Footnote 21 on page 245 states that “Huguang湖廣” refers to “Hunan and Guangdong”. Ma Ziyao has written to point out that “In most cases, however, it has been a legacy term for Hubei and Hunan. The “guang” here originally comes from Guangxi during the Yuan but should not be mistaken for the Qing-era Liangguang兩廣 region to the south of Hunan.” We are grateful to Ma Ziyao for bringing this to our attention.

English language paper introducing the CGED-Q published in the Journal of Chinese History

Our paper providing an introduction in English to the China Government Employee Dataset-Qing (CGED-Q) is now available at the Journal of Chinese History. The paper is lead-authored by Bijia Chen and is based on the second chapter of her PhD dissertation, which she defended in 2019. The paper will appear in the July 2020 issue.

Here is the abstract:

We introduce the China Government Employee Database—Qing (CGED-Q), a new resource for the quantitative study of Qing officialdom. The CGED-Q details the backgrounds, characteristics and careers of Qing officials who served between 1760 and 1912, with nearly complete coverage of officials serving after 1830. We draw information on careers from the Roster of Government Personnel (jinshenlu), which in each quarterly edition listed approximately 12,500 regular civil offices and their holders in the central government and the provinces. Information about backgrounds and characteristics comes from such linked sources as lists of exam degree holders. In some years, information on military officials is also available.
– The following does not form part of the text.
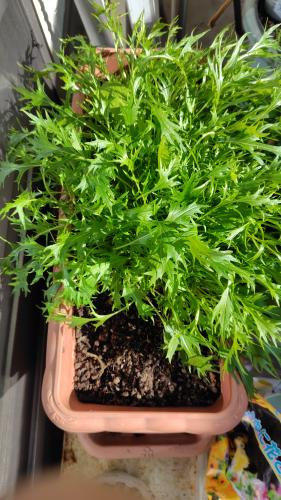 大きくなった水菜 間引いては食べ 間引いては食べ もう生食では硬くなってきた。 大きな株を根もとからハサミで切って間引き あと8株になった。 今月中に3株まで間引こうと思う。 サラダに鍋に雑煮に 役に立つ水菜。 今年の秋も絶対に種をばらまこう! わざわざお店で買う野菜ではないので こんなに水菜を食べる人生は想定外。

As of February 2020, the CGED-Q comprises 3,817,219 records, of which 3,354,897 are civil offices and the remainder are military. In this article we review the progress and prospects of the project, introduce the sources, transcription procedures, and constructed variables, and provide examples of results to showcase its potential.

Bijia Chen is now a postdoc at  the Renmin University Institute of Qing History.

For more information about the CGED-Q, please see the CGED-Q project page.

Errata

Page 2 – Footnote 1 – line 10 – Zhenan should be Zhinan

Page 3- second line in paragraph after heading ‘Origin, current status, and future plans…’, ‘ongoing of study’ should be ‘ongoing study’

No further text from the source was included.